───── Available data

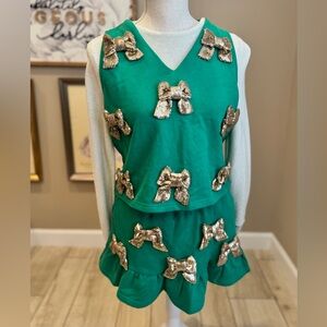 Turn heads in this brand-new Queen of Sparkles two-piece set, featuring a matching green sleeveless top and skort covered in gold sequin bow embellishments! This set is playful, sparkly, and perfect for holidays, parties, or adding extra cheer to your everyday style.
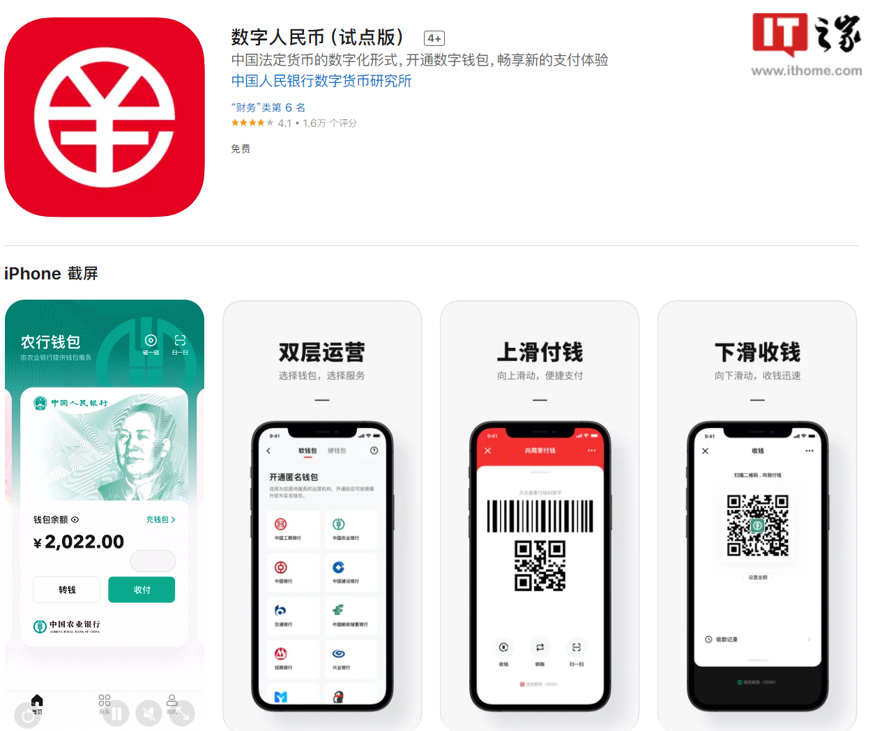 数字人民币(试点版)App 是中国法定数字货币 —— 数字人民币面向个人用户开展试点的官方服务平台,提供数字人民币个人钱包的开通与管理、数字人民币的兑换与流通服务。数字人民币在试点地区和试点场景开展研发试点,试点客户可注册数字人民币 App。由中国人民银行数字货币研究所打造,这是中国法定货币的数字化形式,开通数字钱包,畅享新的支付体验。
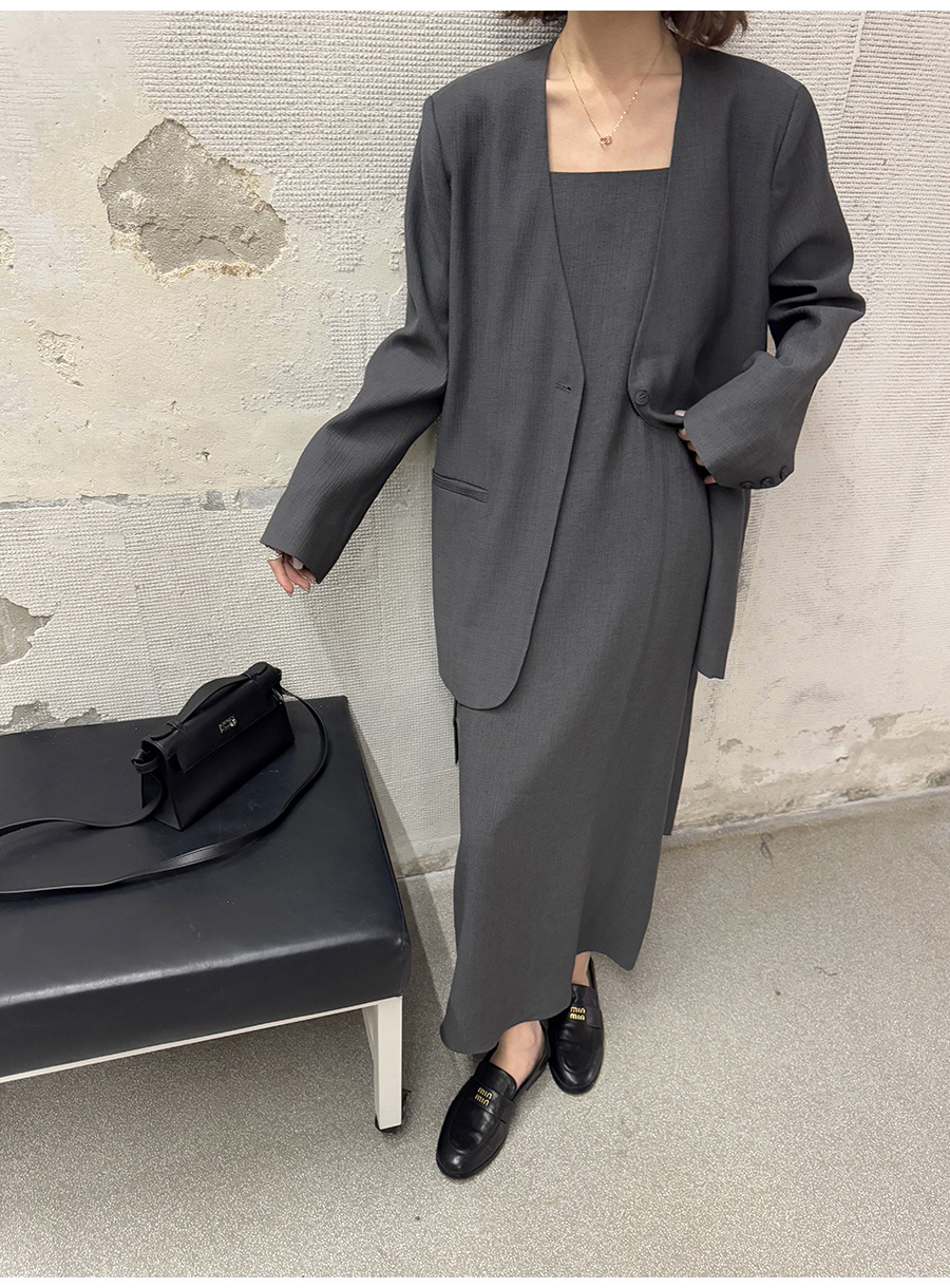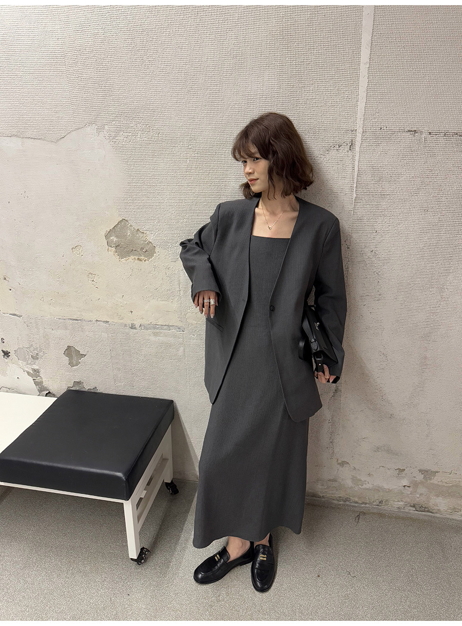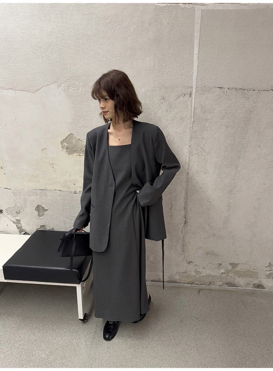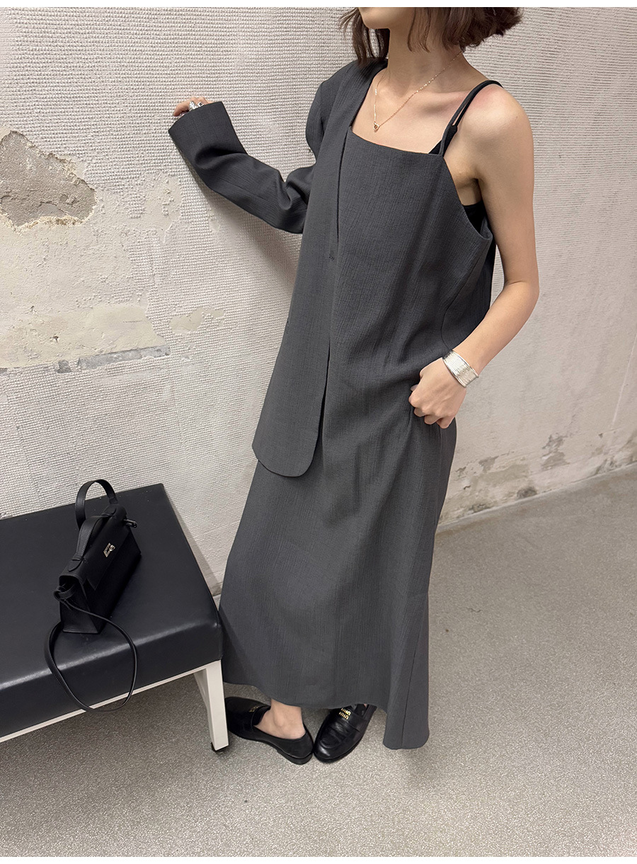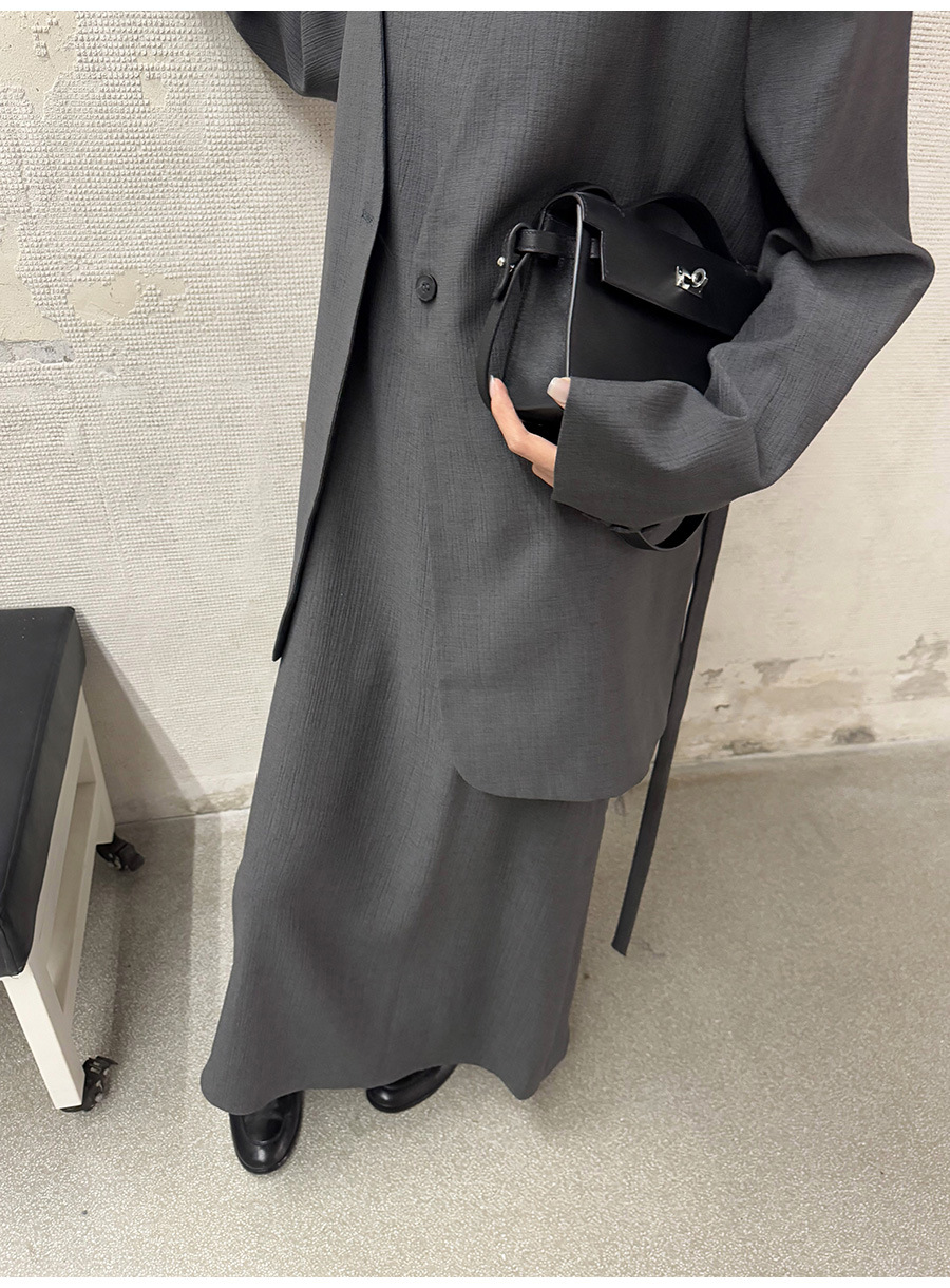 黎諾の早春の新型のスーツのコートのサスペンダーのスカートの2つのセットの女性の2025韓国版の灰色のファッションの気質のスーツ
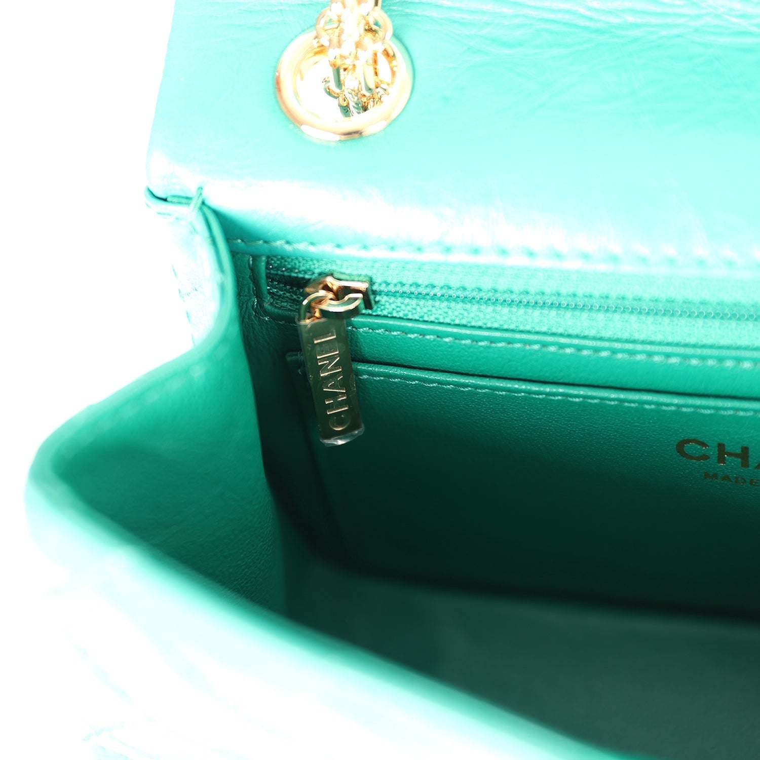 The interior is lined in green leather with one zip pocket and one slip pocket on the back wall.
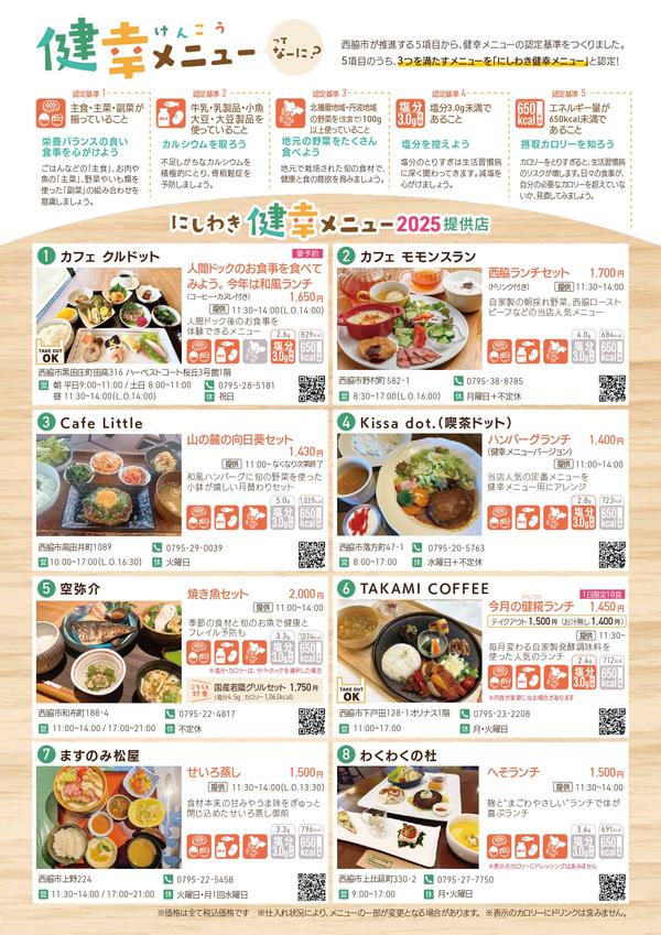 栄養や食材に関する5項目のうち3項目を満たすメニューを「にしわき健幸メニュー」に認定し、市内飲食店で提供します。
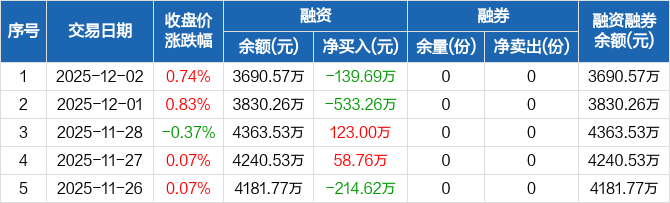 港股红利ETF:融资净偿还139.69万元,融资余额3690.57万元(12-02)

──────────

Task to complete :: Your answer must be exactly the lines from the one containing "数字人民币(试点版)App 是中国法定数字货币 ——" through the last line of the records above, both included, with every picture left out.

Problem solution ::
 数字人民币(试点版)App 是中国法定数字货币 —— 数字人民币面向个人用户开展试点的官方服务平台,提供数字人民币个人钱包的开通与管理、数字人民币的兑换与流通服务。数字人民币在试点地区和试点场景开展研发试点,试点客户可注册数字人民币 App。由中国人民银行数字货币研究所打造,这是中国法定货币的数字化形式,开通数字钱包,畅享新的支付体验。
 黎諾の早春の新型のスーツのコートのサスペンダーのスカートの2つのセットの女性の2025韓国版の灰色のファッションの気質のスーツ
 The interior is lined in green leather with one zip pocket and one slip pocket on the back wall.
 栄養や食材に関する5項目のうち3項目を満たすメニューを「にしわき健幸メニュー」に認定し、市内飲食店で提供します。
 港股红利ETF:融资净偿还139.69万元,融资余额3690.57万元(12-02)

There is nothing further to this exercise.